Authors

Mitchell Pavlak, Nathan Drenkow, Nicholas Petrick, Mohammad Mehdi Farhangi, Mathias Unberath

Abstract

To safely deploy deep learning-based computer vision models for computer-aided detection and diagnosis, we must ensure that they are robust and reliable. Towards that goal, algorithmic auditing has received substantial attention. To guide their audit procedures, existing methods rely on heuristic approaches or high-level objectives (e.g., non-discrimination in regards to protected attributes, such as sex, gender, or race). However, algorithms may show bias with respect to various attributes beyond the more obvious ones, and integrity issues related to these more subtle attributes can have serious consequences. To enable the generation of actionable, data-driven hypotheses which identify specific dataset attributes likely to induce model bias, we contribute a first technique for the rigorous, quantitative screening of medical image datasets. Drawing from literature in the causal inference and information theory domains, our procedure decomposes the risks associated with dataset attributes in terms of their detectability and utility (defined as the amount of information the attribute gives about a task label). To demonstrate the effectiveness and sensitivity of our method, we develop a variety of datasets with synthetically inserted artifacts with different degrees of association to the target label that allow evaluation of inherited model biases via comparison of performance against true counterfactual examples. Using these datasets and results from hundreds of trained models, we show our screening method reliably identifies nearly imperceptible bias-inducing artifacts. Lastly, we apply our method to the natural attributes of a popular skin-lesion dataset and demonstrate its success. Our approach provides a means to perform more systematic algorithmic audits and guide future data collection efforts in pursuit of safer and more reliable models. Full code is available at https://github.com/mpavlak25/data-audit.

Link to paper

DOI: https://doi.org/10.1007/978-3-031-43898-1_43

SharedIt: https://rdcu.be/dnwBD

Link to the code repository

https://github.com/mpavlak25/data-audit

Link to the dataset(s)

https://dataverse.harvard.edu/dataset.xhtml?persistentId=doi:10.7910/DVN/DBW86T

Reviews

Review #1

Please describe the contribution of the paper

The manuscript addresses an important and interesting question: can we flag the presence and importance of potential “shortcuts” in medical image databases, prior to and independent of training a particular model? The authors provide a formal framework for addressing this question, by considering whether 1) a certain characteristic is observable from the images, and 2) how much information it provides about the target label. They propose a methodology based on mutual information estimates and statistical hypothesis testing for quantifying both properties. This enables assessing the risk for a certain characteristic to be exploited as a shortcut. The methodology is illustrated both on synthetic and real test cases.
Please list the main strengths of the paper; you should write about a novel formulation, an original way to use data, demonstration of clinical feasibility, a novel application, a particularly strong evaluation, or anything else that is a strong aspect of this work. Please provide details, for instance, if a method is novel, explain what aspect is novel and why this is interesting.

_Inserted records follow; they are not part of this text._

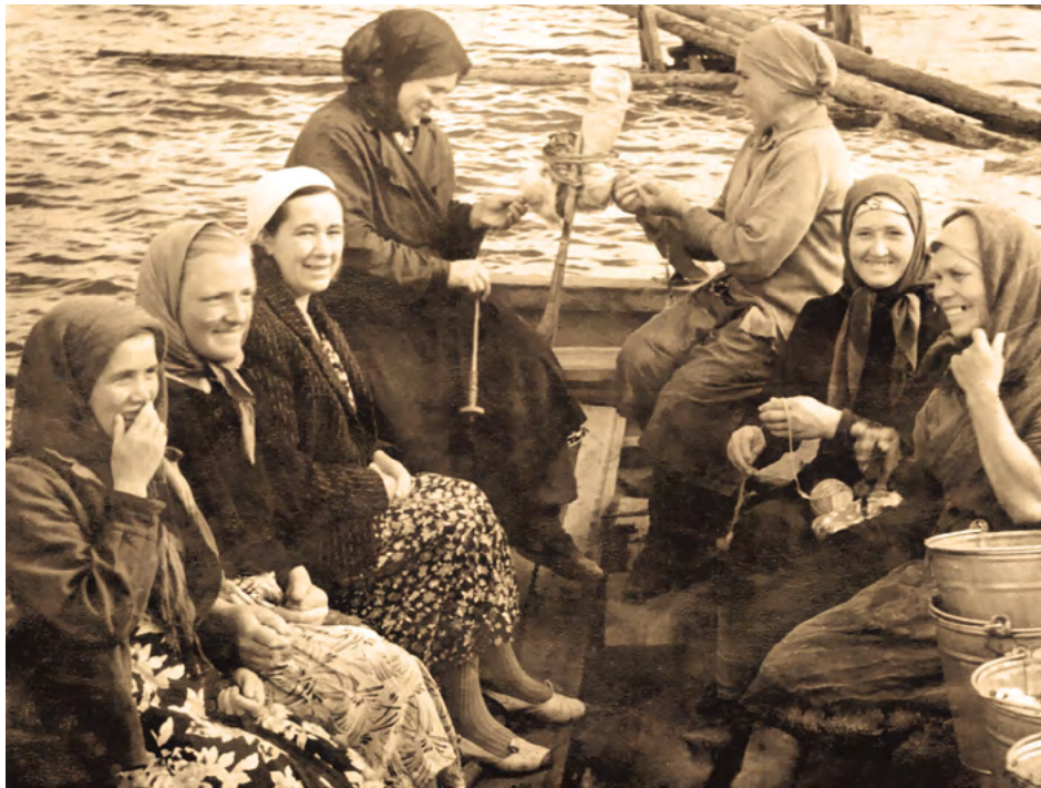
Доярки плывут на дойку. 1950-1960-е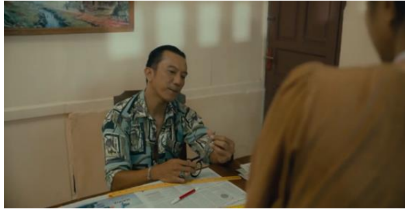
Dialog adegan 9, menit 00.17.11 :

Rentenir : “Oh iya iya. Eh kedatangan saya kesini sebenarnya mau meminta uang yang dipinjam suami kamu sebesar 10 juta. Eh dia janji akan mengembalikan dan saya nggak bisa nunggu lama”.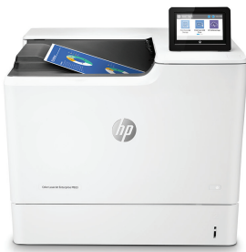
HP Color LaserJet Enterprise M653dn

Cette imprimante HP Colour LaserJet avec JetIntelligence allie des performances exceptionnelles et une efficacité énergétique pour des documents de qualité professionnelle selon vos besoins, tout en protégeant votre réseau avec la plus grande sécurité du secteur. 1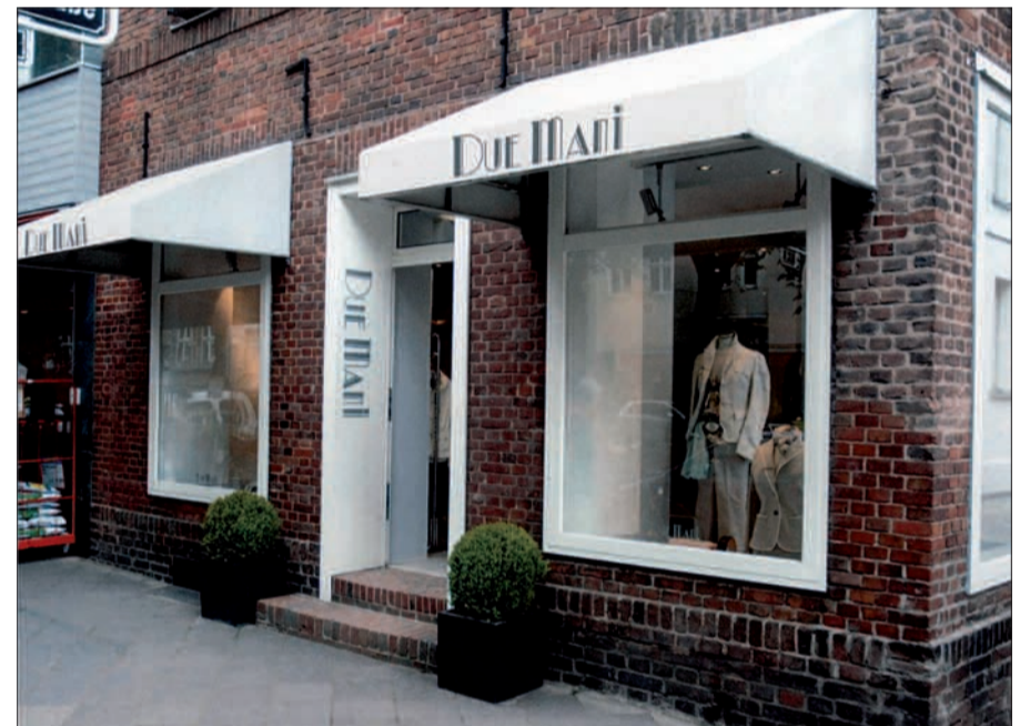
Der Hingucker am Markt ist DUE MANI seit fast 30 Jahren. Das soll so bleiben.

The authors describe an interesting way of quantifying the presence and potential severity of shortcuts in medical image databases. This is an important and, to my knowledge, largely open problem. The method described in the present paper may help to proactively address such problems instead. It is the first approach of this type that I am reading about.

The statistical methodology employed in the article is notably thorough and enables drawing reliable conclusions based on the developed approach. The experimental evaluation is comprehensive and convincing.

The paper is very well-written.
Please list the main weaknesses of the paper. Please provide details, for instance, if you think a method is not novel, explain why and provide a reference to prior work.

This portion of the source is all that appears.